"""

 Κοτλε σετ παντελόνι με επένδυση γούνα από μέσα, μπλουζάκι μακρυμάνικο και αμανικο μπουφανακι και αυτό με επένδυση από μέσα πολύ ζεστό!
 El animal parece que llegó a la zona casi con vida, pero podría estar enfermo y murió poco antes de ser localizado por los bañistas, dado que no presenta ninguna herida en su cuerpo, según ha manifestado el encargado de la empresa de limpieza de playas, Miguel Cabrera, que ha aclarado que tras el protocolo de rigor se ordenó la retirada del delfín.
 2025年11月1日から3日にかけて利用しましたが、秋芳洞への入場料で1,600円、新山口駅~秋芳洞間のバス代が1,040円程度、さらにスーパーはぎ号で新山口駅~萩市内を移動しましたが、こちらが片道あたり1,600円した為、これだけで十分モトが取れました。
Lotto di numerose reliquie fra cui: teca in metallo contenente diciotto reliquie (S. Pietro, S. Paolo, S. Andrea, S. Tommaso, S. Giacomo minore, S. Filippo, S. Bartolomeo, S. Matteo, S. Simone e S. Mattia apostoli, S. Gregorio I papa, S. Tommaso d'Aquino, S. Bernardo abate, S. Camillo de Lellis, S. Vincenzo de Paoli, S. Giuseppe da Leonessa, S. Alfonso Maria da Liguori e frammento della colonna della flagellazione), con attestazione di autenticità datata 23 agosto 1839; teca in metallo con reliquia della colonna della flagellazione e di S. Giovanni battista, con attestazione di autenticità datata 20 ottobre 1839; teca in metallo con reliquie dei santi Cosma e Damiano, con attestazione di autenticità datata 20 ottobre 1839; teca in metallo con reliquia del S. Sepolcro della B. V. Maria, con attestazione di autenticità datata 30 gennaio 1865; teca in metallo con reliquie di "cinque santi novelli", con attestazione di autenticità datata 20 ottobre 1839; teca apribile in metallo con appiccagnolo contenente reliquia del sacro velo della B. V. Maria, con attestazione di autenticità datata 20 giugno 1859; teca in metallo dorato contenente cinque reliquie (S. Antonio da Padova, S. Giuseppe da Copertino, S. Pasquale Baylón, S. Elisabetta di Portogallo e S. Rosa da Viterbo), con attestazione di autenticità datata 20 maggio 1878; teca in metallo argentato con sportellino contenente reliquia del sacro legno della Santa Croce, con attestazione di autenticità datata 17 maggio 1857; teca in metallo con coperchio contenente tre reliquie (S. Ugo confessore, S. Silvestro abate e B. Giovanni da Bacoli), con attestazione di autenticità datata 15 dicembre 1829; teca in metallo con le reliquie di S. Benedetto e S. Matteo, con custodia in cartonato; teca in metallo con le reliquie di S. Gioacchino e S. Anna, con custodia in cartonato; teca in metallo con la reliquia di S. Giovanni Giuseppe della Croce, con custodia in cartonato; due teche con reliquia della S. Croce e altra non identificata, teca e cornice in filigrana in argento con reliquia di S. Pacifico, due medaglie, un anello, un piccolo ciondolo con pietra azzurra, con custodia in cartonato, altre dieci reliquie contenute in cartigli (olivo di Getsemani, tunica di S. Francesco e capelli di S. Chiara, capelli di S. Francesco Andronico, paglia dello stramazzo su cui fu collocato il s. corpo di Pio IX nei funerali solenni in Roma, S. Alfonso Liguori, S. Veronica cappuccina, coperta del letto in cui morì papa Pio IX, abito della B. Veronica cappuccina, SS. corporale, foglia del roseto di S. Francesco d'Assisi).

"""

Print the material verbatim, all of it.

 Κοτλε σετ παντελόνι με επένδυση γούνα από μέσα, μπλουζάκι μακρυμάνικο και αμανικο μπουφανακι και αυτό με επένδυση από μέσα πολύ ζεστό!
 El animal parece que llegó a la zona casi con vida, pero podría estar enfermo y murió poco antes de ser localizado por los bañistas, dado que no presenta ninguna herida en su cuerpo, según ha manifestado el encargado de la empresa de limpieza de playas, Miguel Cabrera, que ha aclarado que tras el protocolo de rigor se ordenó la retirada del delfín.
 2025年11月1日から3日にかけて利用しましたが、秋芳洞への入場料で1,600円、新山口駅~秋芳洞間のバス代が1,040円程度、さらにスーパーはぎ号で新山口駅~萩市内を移動しましたが、こちらが片道あたり1,600円した為、これだけで十分モトが取れました。
Lotto di numerose reliquie fra cui: teca in metallo contenente diciotto reliquie (S. Pietro, S. Paolo, S. Andrea, S. Tommaso, S. Giacomo minore, S. Filippo, S. Bartolomeo, S. Matteo, S. Simone e S. Mattia apostoli, S. Gregorio I papa, S. Tommaso d'Aquino, S. Bernardo abate, S. Camillo de Lellis, S. Vincenzo de Paoli, S. Giuseppe da Leonessa, S. Alfonso Maria da Liguori e frammento della colonna della flagellazione), con attestazione di autenticità datata 23 agosto 1839; teca in metallo con reliquia della colonna della flagellazione e di S. Giovanni battista, con attestazione di autenticità datata 20 ottobre 1839; teca in metallo con reliquie dei santi Cosma e Damiano, con attestazione di autenticità datata 20 ottobre 1839; teca in metallo con reliquia del S. Sepolcro della B. V. Maria, con attestazione di autenticità datata 30 gennaio 1865; teca in metallo con reliquie di "cinque santi novelli", con attestazione di autenticità datata 20 ottobre 1839; teca apribile in metallo con appiccagnolo contenente reliquia del sacro velo della B. V. Maria, con attestazione di autenticità datata 20 giugno 1859; teca in metallo dorato contenente cinque reliquie (S. Antonio da Padova, S. Giuseppe da Copertino, S. Pasquale Baylón, S. Elisabetta di Portogallo e S. Rosa da Viterbo), con attestazione di autenticità datata 20 maggio 1878; teca in metallo argentato con sportellino contenente reliquia del sacro legno della Santa Croce, con attestazione di autenticità datata 17 maggio 1857; teca in metallo con coperchio contenente tre reliquie (S. Ugo confessore, S. Silvestro abate e B. Giovanni da Bacoli), con attestazione di autenticità datata 15 dicembre 1829; teca in metallo con le reliquie di S. Benedetto e S. Matteo, con custodia in cartonato; teca in metallo con le reliquie di S. Gioacchino e S. Anna, con custodia in cartonato; teca in metallo con la reliquia di S. Giovanni Giuseppe della Croce, con custodia in cartonato; due teche con reliquia della S. Croce e altra non identificata, teca e cornice in filigrana in argento con reliquia di S. Pacifico, due medaglie, un anello, un piccolo ciondolo con pietra azzurra, con custodia in cartonato, altre dieci reliquie contenute in cartigli (olivo di Getsemani, tunica di S. Francesco e capelli di S. Chiara, capelli di S. Francesco Andronico, paglia dello stramazzo su cui fu collocato il s. corpo di Pio IX nei funerali solenni in Roma, S. Alfonso Liguori, S. Veronica cappuccina, coperta del letto in cui morì papa Pio IX, abito della B. Veronica cappuccina, SS. corporale, foglia del roseto di S. Francesco d'Assisi).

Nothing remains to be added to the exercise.